About George Mainwaring
Artist George Mainwaring, born 1907 in Rochdale UK. Illustrator of local vignettes, filled with local characters, customs and remembered detail.
George Mainwaring was a mill worker, policeman, Ministry of Food Enforcement Officer, transport manager, writer, an award-winning scout leader, husband, father, grand and great grandfather, and an artist.
Born in 1907 to working class parents in Rochdale, as one of 14 children, money, food and opportunities were hard to come by. As a result, at the age of 12, George went to work as a “half timer” at John Bright’s cotton mill. A year later his education ended and he became a full-time working man.
George’s escape from a tough working life was his Saturday morning class at Rochdale School of Art.
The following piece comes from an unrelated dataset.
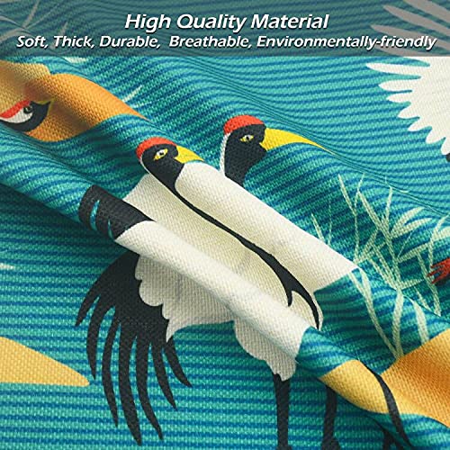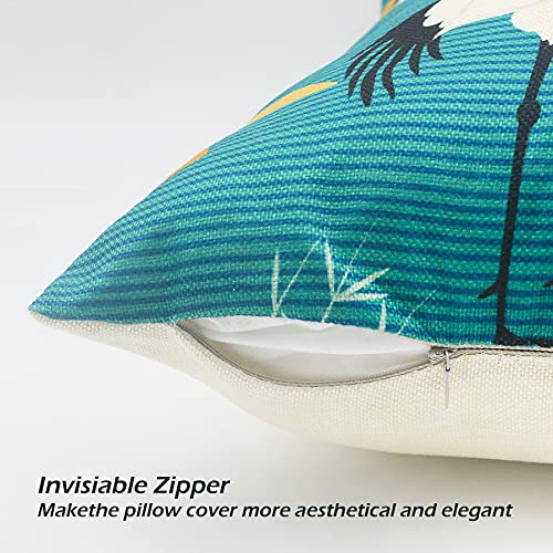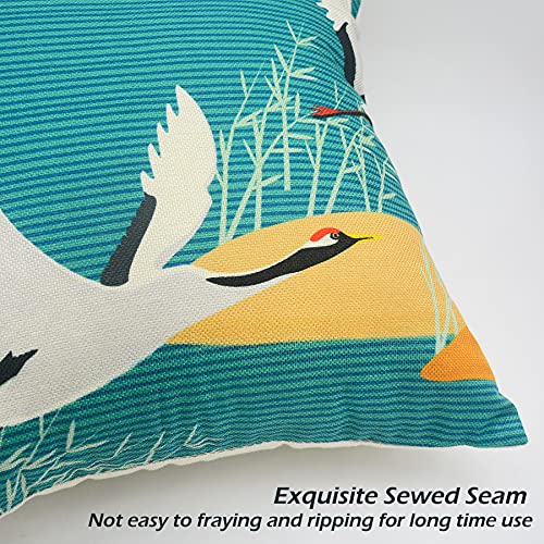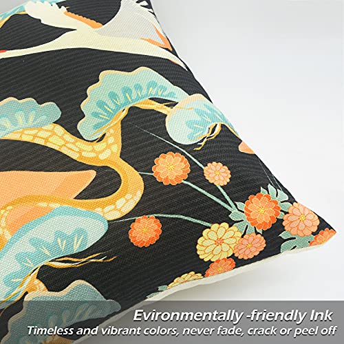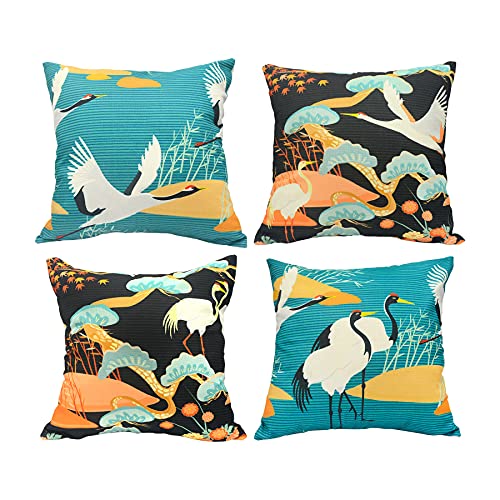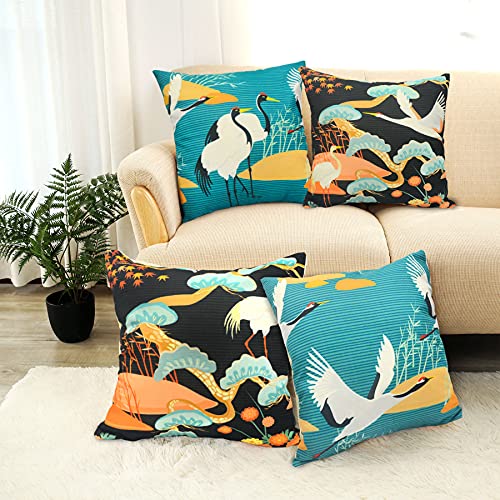 LIGICKY 4er-Set Kissenbezug Japanischen Stil Baumwolle Leinen Dekorative Kissenhülle Weißer Kranich Bedruckter Weich Kissenbezüge für Sofa Couch Schlafzimmer Wohnzimmer Büro 45 x 45 cm

At 16 he could easily have progressed to be a full time student in the school, but the family could ill afford the loss of his income, and so the opportunity slipped by.
In 1933 George married Ethel Lee. They were to have two children, Dorothy and then John, and would be happily married for 60 years, until Ethel died.
In the 1960s, George was given the opportunity to combine his artistic talent with the love of local history he shared with Ethel. He wrote and illustrated for the local newspaper, the Rochdale Observer, a series of historical vignettes, filled with local characters, customs and remembered detail.
His much loved contribution to the Observer ran for many years until, in 1975, George’s artistic interests developed further. Dorothy, now a primary school teacher, asked her dad to do a drawing to illustrate a subject that cropped up in one of her lessons, a dancing bear that would provide entertainment in the streets of George’s childhood.
Dorothy liked the picture so much George set about reproducing it in oils, as a surprise birthday present for his daughter. This was his first oil on canvas.
The next twenty years of his artistic life gave him great pleasure, producing a series of oils and numerous ink drawings, allowing him to share the stories of his early life with great skill and character.
George deeply regretted how little formal education he had received and spent an interesting and productive life acquiring and sharing fascinating facts and stories.
George stopped painting when Ethel died. He died three years later aged 89.